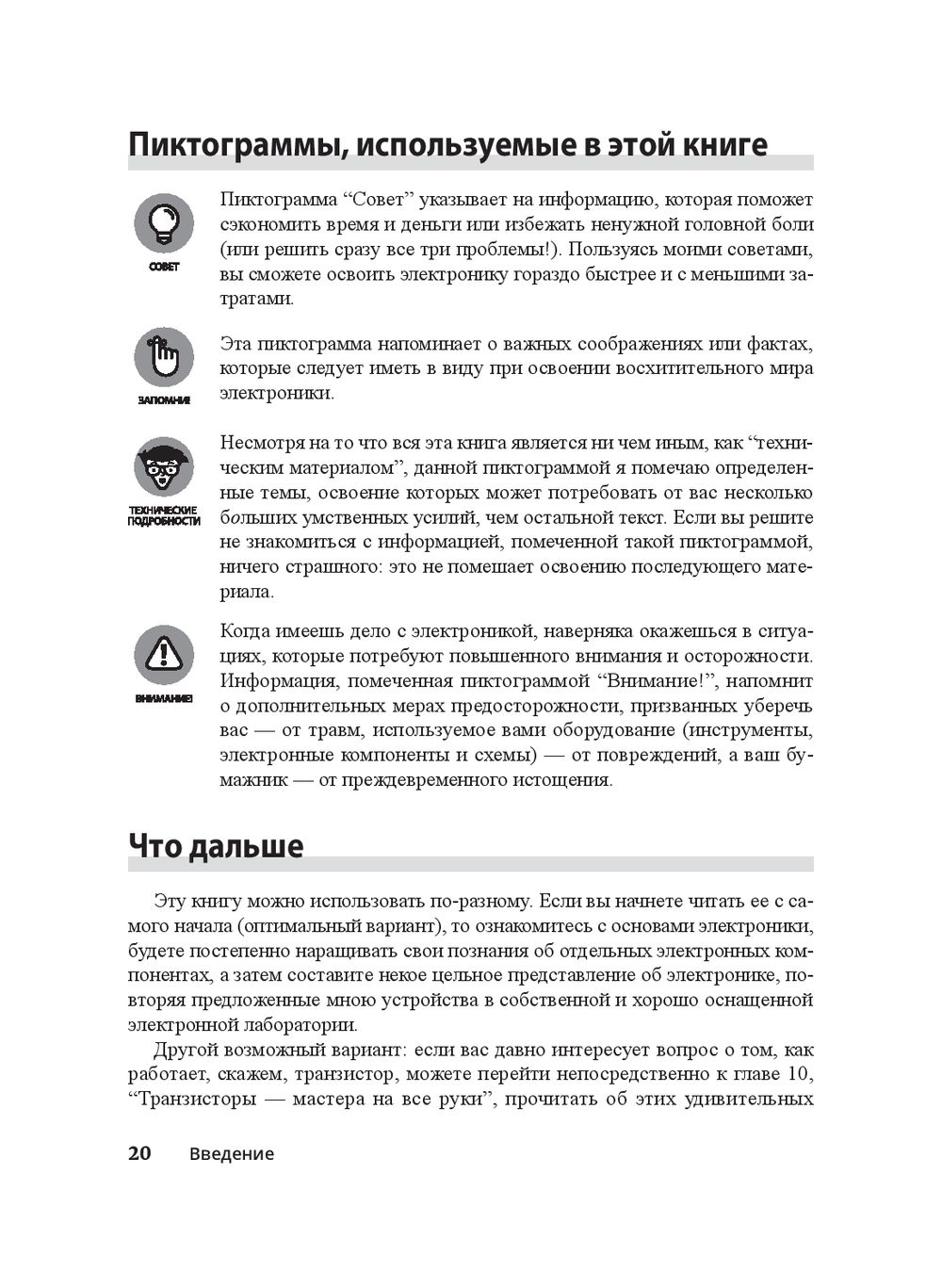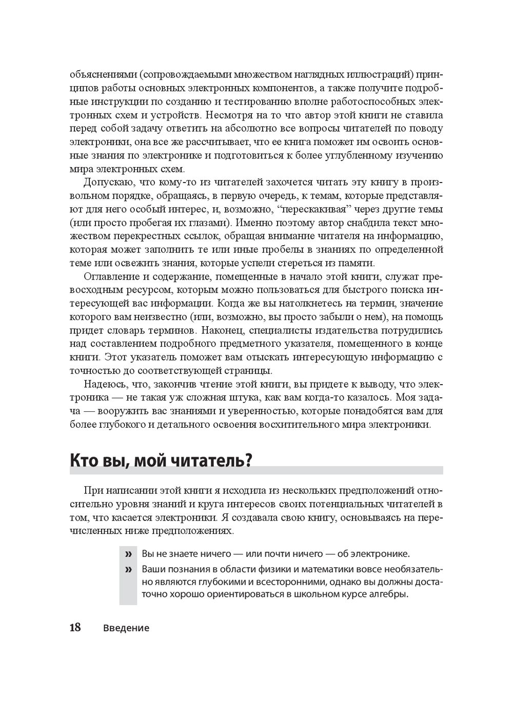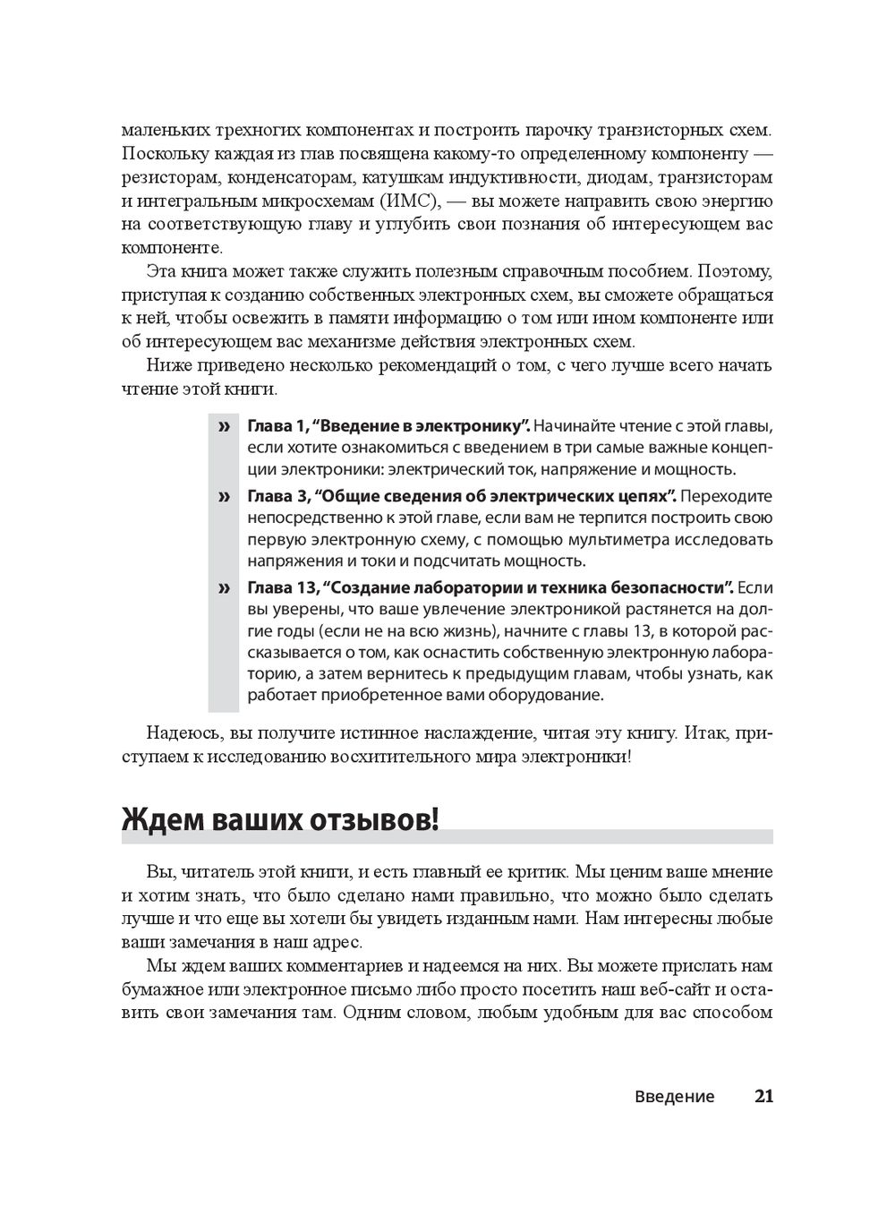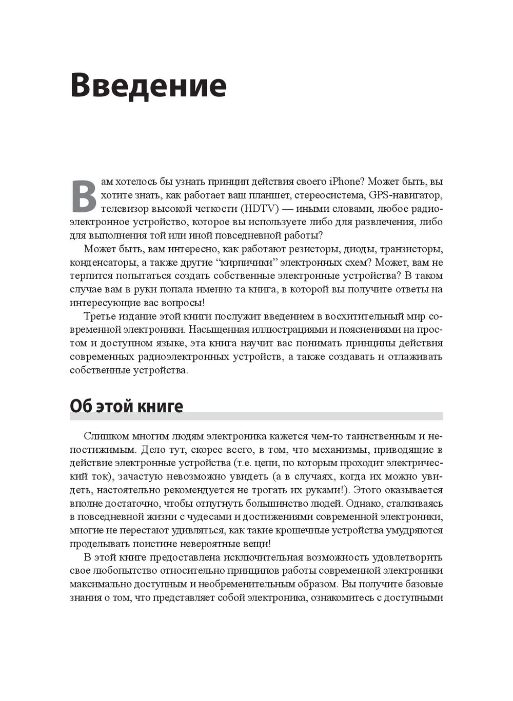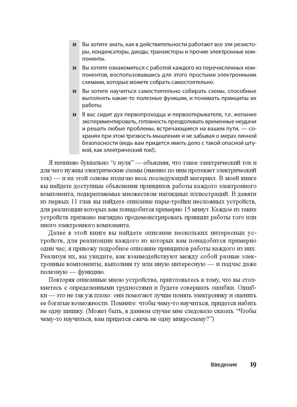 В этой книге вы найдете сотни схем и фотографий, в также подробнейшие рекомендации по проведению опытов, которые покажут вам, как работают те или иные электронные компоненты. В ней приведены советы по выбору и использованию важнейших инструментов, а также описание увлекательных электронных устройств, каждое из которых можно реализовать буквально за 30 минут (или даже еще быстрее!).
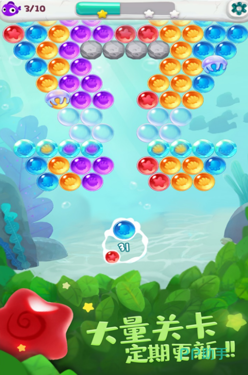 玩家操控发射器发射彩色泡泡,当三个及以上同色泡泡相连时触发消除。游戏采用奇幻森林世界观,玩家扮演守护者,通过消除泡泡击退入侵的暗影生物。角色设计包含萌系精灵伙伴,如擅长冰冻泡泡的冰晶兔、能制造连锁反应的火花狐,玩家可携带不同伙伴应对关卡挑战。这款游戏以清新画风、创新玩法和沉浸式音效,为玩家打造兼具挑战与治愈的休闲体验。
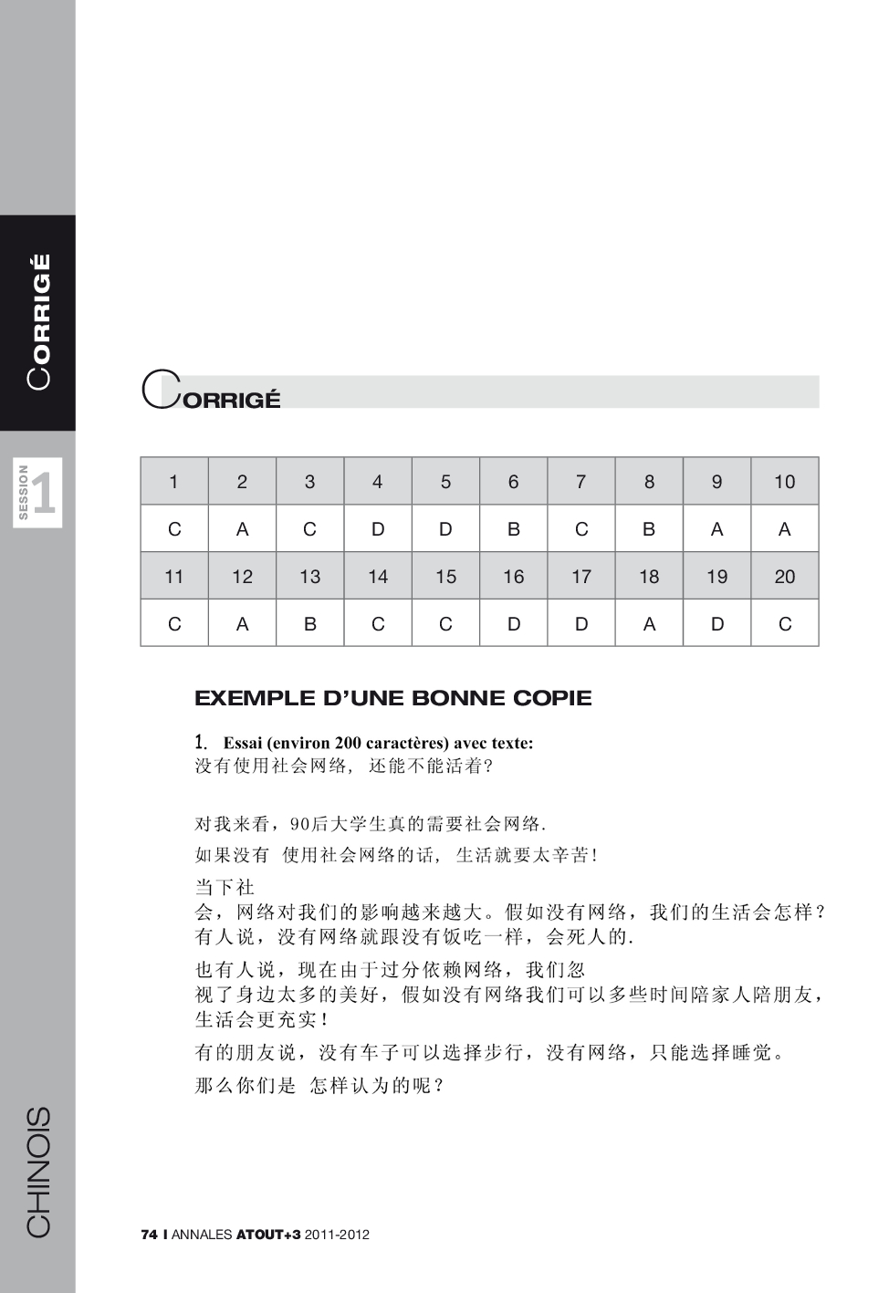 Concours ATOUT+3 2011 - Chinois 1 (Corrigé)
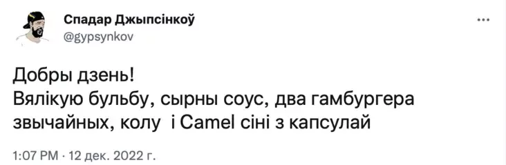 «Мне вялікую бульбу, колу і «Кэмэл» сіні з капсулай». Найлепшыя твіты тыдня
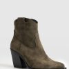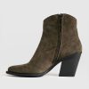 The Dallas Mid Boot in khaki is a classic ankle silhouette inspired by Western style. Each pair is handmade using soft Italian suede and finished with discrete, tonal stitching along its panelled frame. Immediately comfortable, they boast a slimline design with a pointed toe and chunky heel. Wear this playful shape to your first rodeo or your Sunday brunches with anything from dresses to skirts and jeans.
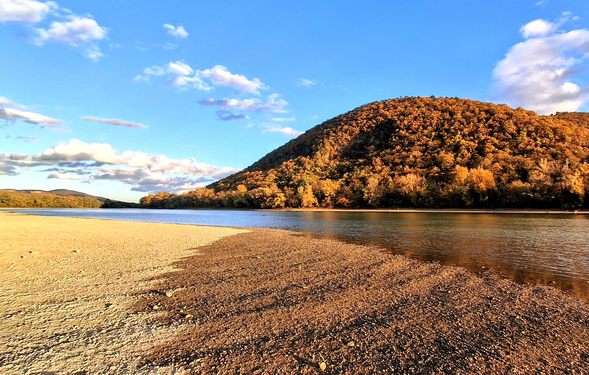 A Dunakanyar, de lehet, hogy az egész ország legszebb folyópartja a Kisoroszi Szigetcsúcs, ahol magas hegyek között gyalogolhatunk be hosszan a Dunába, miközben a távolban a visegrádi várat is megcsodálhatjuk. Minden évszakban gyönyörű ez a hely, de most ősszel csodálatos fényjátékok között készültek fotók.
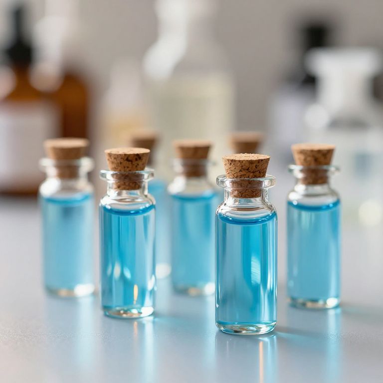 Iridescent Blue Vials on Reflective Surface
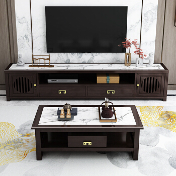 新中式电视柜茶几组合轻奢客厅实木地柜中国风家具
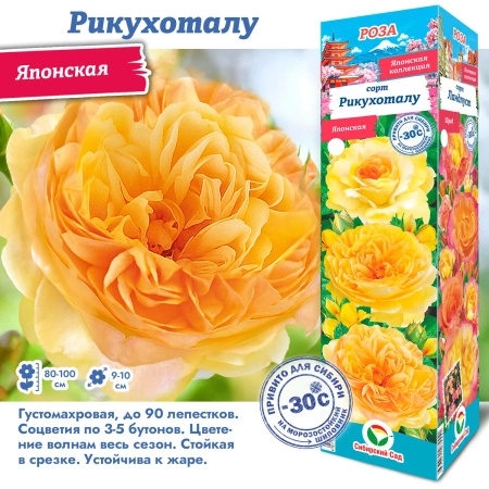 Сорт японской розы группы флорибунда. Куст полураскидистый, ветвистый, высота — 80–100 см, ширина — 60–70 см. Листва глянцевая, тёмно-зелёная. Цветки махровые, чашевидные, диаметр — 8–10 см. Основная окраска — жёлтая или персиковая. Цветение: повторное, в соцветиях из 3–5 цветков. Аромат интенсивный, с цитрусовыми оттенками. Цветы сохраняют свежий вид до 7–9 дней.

What the task requires ▸
Whatever pictures the records hold, omit them; give again exactly the lines from the one containing "玩家操控发射器发射彩色泡泡,当三个及以上" through the one containing "Concours ATOUT+3 2011 - Chinois 1 (Corrigé)".

Solution to the exercise ▸
 玩家操控发射器发射彩色泡泡,当三个及以上同色泡泡相连时触发消除。游戏采用奇幻森林世界观,玩家扮演守护者,通过消除泡泡击退入侵的暗影生物。角色设计包含萌系精灵伙伴,如擅长冰冻泡泡的冰晶兔、能制造连锁反应的火花狐,玩家可携带不同伙伴应对关卡挑战。这款游戏以清新画风、创新玩法和沉浸式音效,为玩家打造兼具挑战与治愈的休闲体验。
 Concours ATOUT+3 2011 - Chinois 1 (Corrigé)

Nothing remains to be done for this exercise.